# Pass data between pipeline steps

Often, a pipeline line includes at least one step that depends on the output of a preceding step. For example, you might use a step that runs a python script to preprocess some data, which must then be used in a subsequent step to train a model.

## The PipelineData object

The PipelineData object is a special kind of DataReference that:

• References a location in a datastore.
• Creates a data dependency between pipeline steps.

You can view a PipelineData object as an intermediary store for data that must be passed from a step to a subsequent step.

## PipelineData step inputs and outputs

To use a PipelineData object to pass data between steps, you must:

1. Define a named PipelineData object that references a location in a datastore.
2. Specify the PipelineData object as an input or output for the steps that use it.
3. Pass the PipelineData object as a script parameter in steps that run scripts (and include code in those scripts to read or write data)

For example, the following code defines a PipelineData object that for the preprocessed data that must be passed between the steps.

from azureml.pipeline.core import PipelineData
from azureml.pipeline.steps import PythonScriptStep, EstimatorStep

# Get a dataset for the initial data
raw_ds = Dataset.get_by_name(ws, 'raw_dataset')

# Define a PipelineData object to pass data between steps
data_store = ws.get_default_datastore()
prepped_data = PipelineData('prepped',  datastore=data_store)
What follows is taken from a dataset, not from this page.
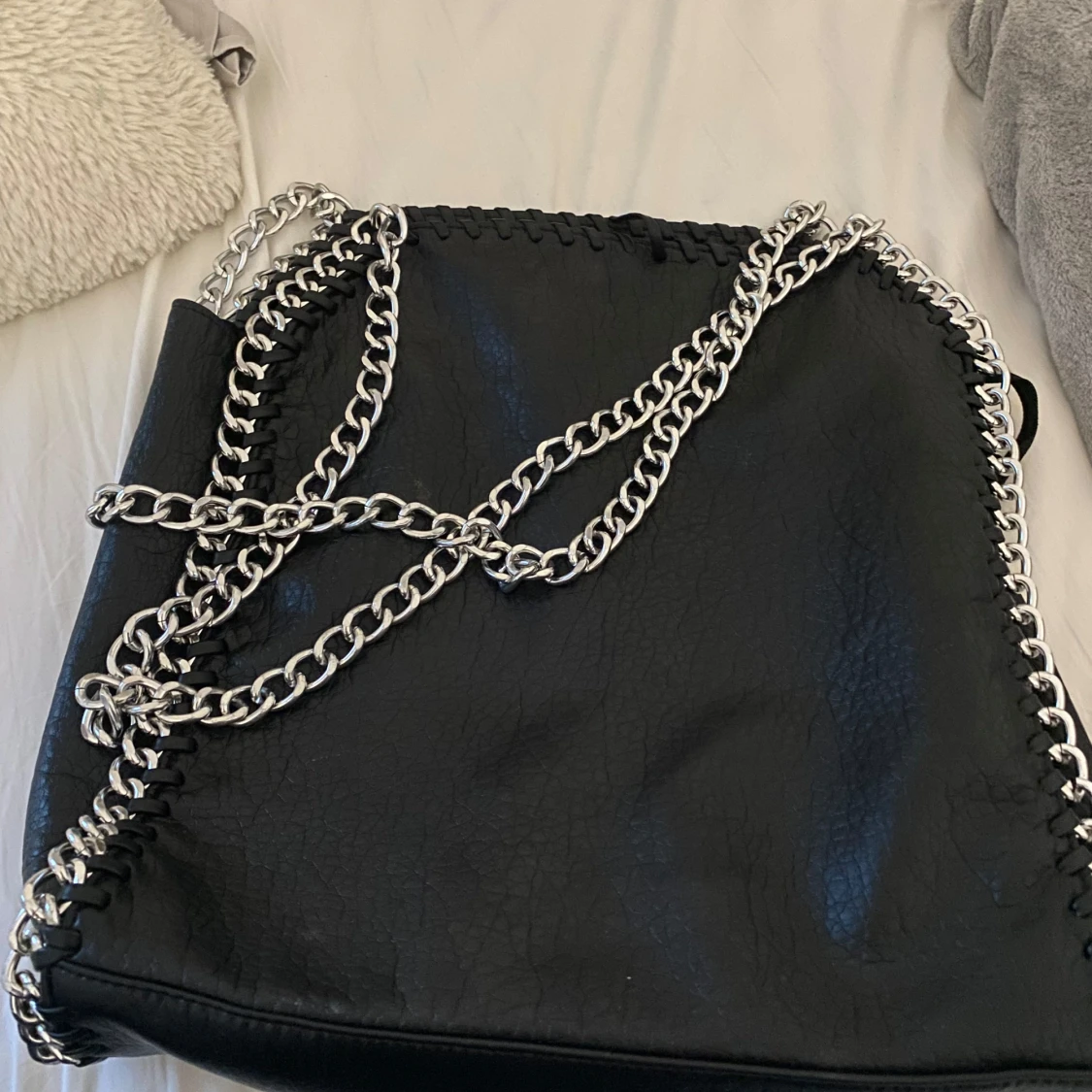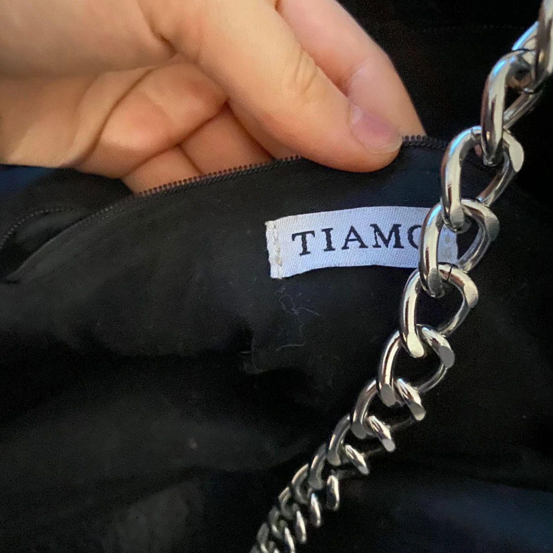 Snygg svart axelväska från Tiamo med coola kedjedetaljer. Väskan har en stilren design med silverfärgade kedjor som ger en edgy look. Perfekt för att lyfta vilken outfit som helst.

# Step to run a Python script
step1 = PythonScriptStep(name = 'prepare data',
source_directory = 'scripts',
script_name = 'data_prep.py',
compute_target = 'aml-cluster',
runconfig = run_config,
# Specify dataset as initial input
inputs=[raw_ds.as_named_input('raw_data')],
# Specify PipelineData as output
outputs=[prepped_data],
# Also pass as data reference to script
arguments = ['--folder', prepped_data])

# Step to run an estimator
step2 = EstimatorStep(name = 'train model',
estimator = sk_estimator,
compute_target = 'aml-cluster',
# Specify PipelineData as input
inputs=[prepped_data],
# Pass as data reference to estimator script
estimator_entry_script_arguments=['--folder', prepped_data])


In the scripts themselves, you can obtain a reference to the PipelineData object from the script argument, and use it like a local folder.

# code in data_prep.py
from azureml.core import Run
import argparse
import os

# Get the experiment run context
run = Run.get_context()

# Get input dataset as dataframe
raw_df = run.input_datasets['raw_data'].to_pandas_dataframe()

# Get PipelineData argument
parser = argparse.ArgumentParser()